Bereiche überlappender DNA sind aufeinander abgestimmt, wodurch immer größere Abschnitte der genomischen DNA gebildet wurden. Die DNA-Sequenzierung wird an beiden Enden von Inserts von zufällig ausgewählten Klonen sowohl aus den Plasmidbibliotheken für kleine als auch aus mittleren Inserts durchgeführt, um das Genom mindestens dreimal zu decken.

Kleine DNA-Fragmente werden zufällig in verschiedene Plasmidmoleküle eingefügt. Bei überlappenden Inserts stammen alle vom gleichen genomischen Ort, aber aus verschiedenen Regionen, die entweder nach links oder nach rechts verschoben sind.

Die überlappenden Fragmente werden entweder in Coting oder in eine Sequenz für die betroffene Region ausgerichtet (Shot-Gun-Methode). Prokaryotische Genome haben wenig jeweilige DNA und die Shot Gun-Sequenzierung führt zu guten Ergebnissen. Eukaryoten tragen viele wiederholte Sequenzen.

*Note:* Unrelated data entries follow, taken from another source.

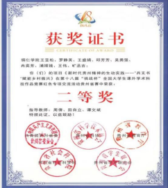 周倩、饶华宏老师分别指导学生,获得第十八届挑战杯全国大学生课外学术科技作品竞赛贵州省一、二等奖。孙用常、饶华宏、高琼芳、杨潇老师指导学生,获得Shopee杯跨境电商创新创业大赛三等奖两项、优秀奖两项。
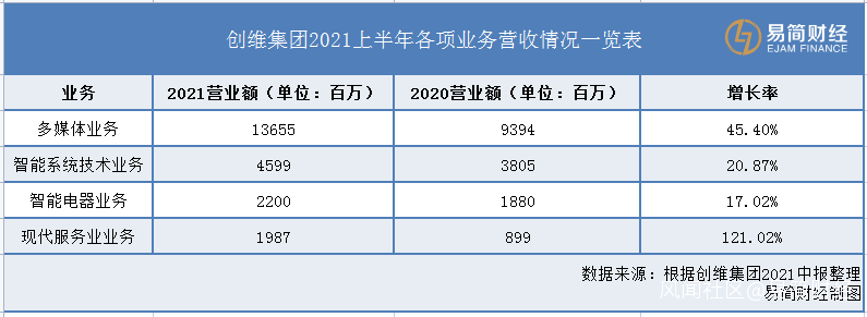 8月27日,創維集團公佈了中報成績單。截至2021年6月30日,創維集團營業額225.67億元,較去年同期增長41.2%。 分解到各項業務全面開花,多媒體業務、智能系統技術業務、智能電器業務、現代服務業業務,均收穫不同程度的增長。
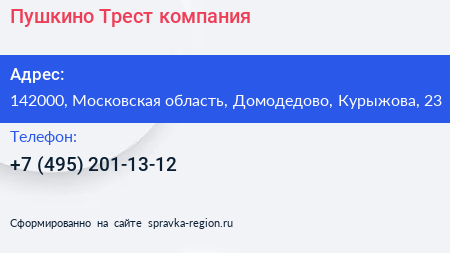 Пушкино Трест, компания по адресу 142000, Московская область, Домодедово, Курыжова, 23 в дальнейшем Организация, размещена в следующих категориях:
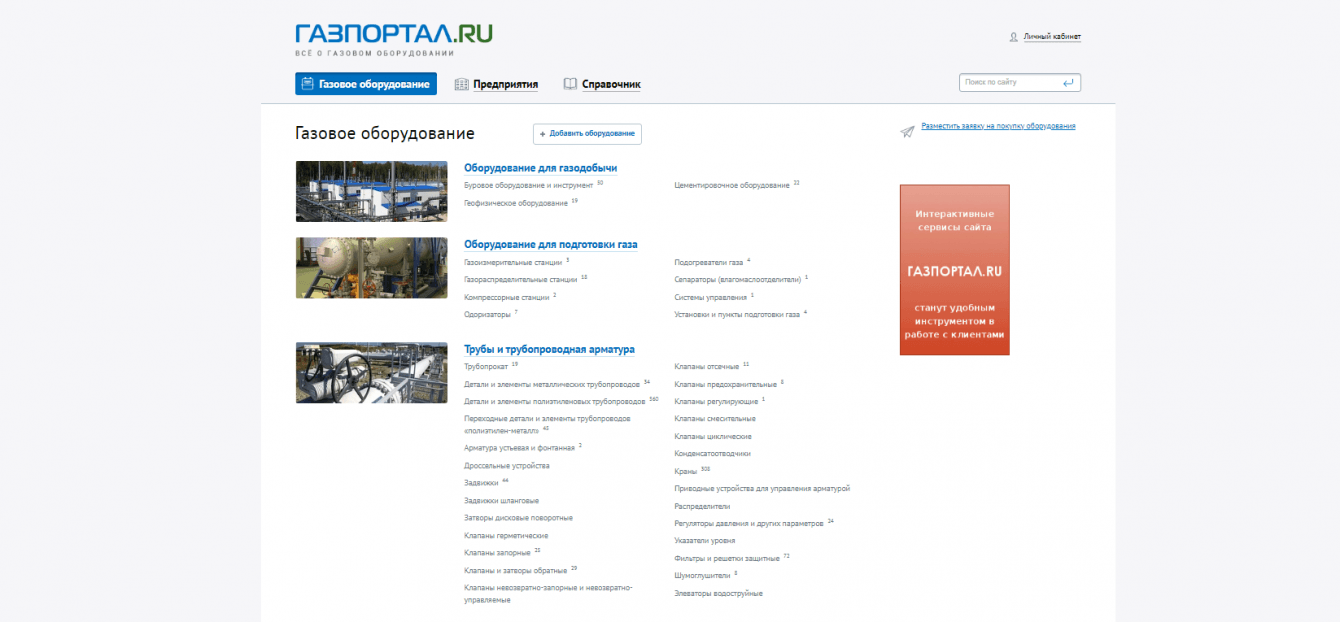 Разработать портал, ориентированный на производителей, продавцов и покупателей промышленного газового оборудования. Продвинуть проект в поисковых системах. Настроить рекламную кампанию в Яндексе.

Dies alles führt zu Verwirrung. Überlappungen von Fragmenten werden jedoch in der Montagephase durch Rechenaufgaben ausgenutzt. Ein Computerprogramm identifiziert die überlappenden Sequenzen und fügt sie zu einer durchgehenden Strecke zusammen. Dieses Verfahren wurde erfolgreich zur Sequenzierung aller von Celera Genomics veröffentlichten mikrobiellen Genomsequenzen angewendet.